The data from molecular variance (AMOVA), which was greater within the populations (84.68%), when associated to Structure data, corroborate the low indices of genetic differentiation, where the presence of a mixture of two genetic profiles is related to migratory habit, wide mobility, and flight capacity of R. brasiliensis (Carbonell, 1988, 1995). Native grasses, for instance Trachypogon sp. (Poaceae), constitute the preferred food of grasshoppers (Silva et al., 2006).
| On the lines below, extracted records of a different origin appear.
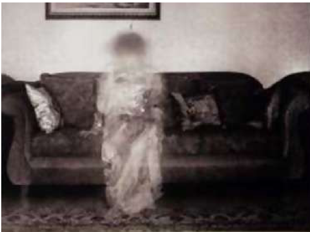
Behind Closed Doors 180 x 200 cm | 2008

She has participated in several group and solo shows both, in the UAE and abroad. Huraiz also won the Emirates Photography Award in 2007.
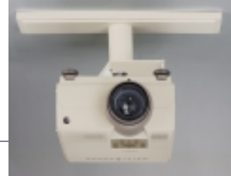
SHOWN WITH OPTIONAL CEILING MOUNTING BRACKET (AN-CM230)
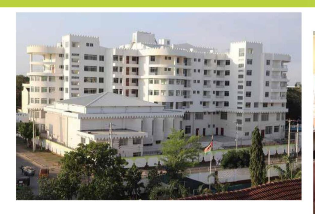
An ultra-modern conferencing and accommodation complex at KSG Mombasa campus
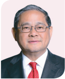
Dr the Honourable Victor FUNG Kwok-king , GBM, GBS Chairman Fung Group
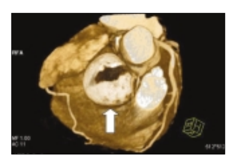
Figure 3. Multislice computed tomography demonstrates a giant aneurysm strongly suspected to be originated from right coronary artery. A three dimensional reconstruction (using volume rendering techniques or VRT) shows the lumen of the aneurysm incompletely filled with mural thrombus.

Therefore, the large offer of grasses in the localities sampled in this study and the absence of effective geographic barriers between the populations are fundamental factors for the wide dispersion of the analyzed specimens. The feeding preference of R. brasiliensis is, which is strongly related to its mandibular structure of graminivorous type, is also present in other Gomphocerinae such as Achurum carinatum (Walker, 1870), Dichromorpha viridis (Scudder, 1862) and Orphulella pelidna (Burmaister, 1838) (Smith and Capinera, 2005). For other grasshopper species, for instance Mioscirtus wagneri (Eversmann, 1859) and Ramburiella hispanica (Rambur, 1838), a positive relationship was also observed between the distribution of plants used as food and the genetic connectivity between populations (Ortego et al., 2010, 2015).
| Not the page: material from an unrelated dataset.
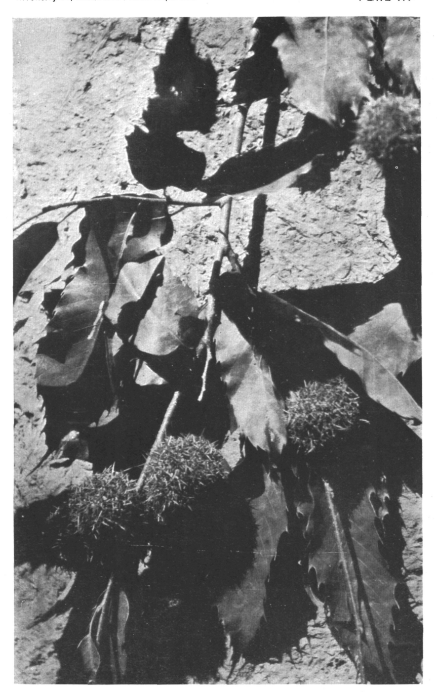
FRUITING BRANCH OF A NEW DISEASE-RESISTANT CHINQUAPIN FROM CHINA. (CASTANEA SEGUINII DODE, S. P. I. No. 45949.)

Th ree important facts have been established in regard to the chestnut bark disease: First, that all species of Castanea are not equally susceptible to the fungus; second, that hybrids between the different species are fertile: and, third, that the factor which produces immunity, whatever that is, appears to be heritable and by breeding and selection can be incorporated with other characters such as size and quality of the nut, size of the tree, etc. This Chinese chinquapin, occurring near Ichang, is a shrubby species, occasionally growing to 40 feet in height. Frank N. Meyer, who discovered the chestnut bark fungus, Endothia parasitica, in China, reports this species as apparently totally resistant to the disease. It grows well on barren mountain slopes but appears to be more moisture loving than the chestnut, Castanea mollissima. Introduced primarily for breeding purposes. (Photographed by Frank N. Meyer, Tzewuhsien, Shensi, China, September 1, 1914; P12248FS.)

Although the populations of Pernambuco and other states occupy different altitudes (range 0 to 999 m), as well as potential geographic barriers (Borborema Plateau, Chapada do Araripe and São Francisco river), R. brasiliensis individuals seem to be capable to overcome these obstacles and maintain a positive gene flow among the analyzed populations. This way, no correlation was observed between the occurrence of B chromosomes and the distribution of R. brasiliensis in different landscapes. For this species, the altitude of the analyzed populations did not seem to influence the frequency of B chromosomes either. This observation differs from that of Manrique-Poyato et al. (2015), who stated that individuals with B chromosomes have low tolerance to high-altitude environments as a result of delay in meiosis due to the presence of B chromosomes that may negatively select the host (Hewitt and East, 1978; Harvey and Hewitt, 1979).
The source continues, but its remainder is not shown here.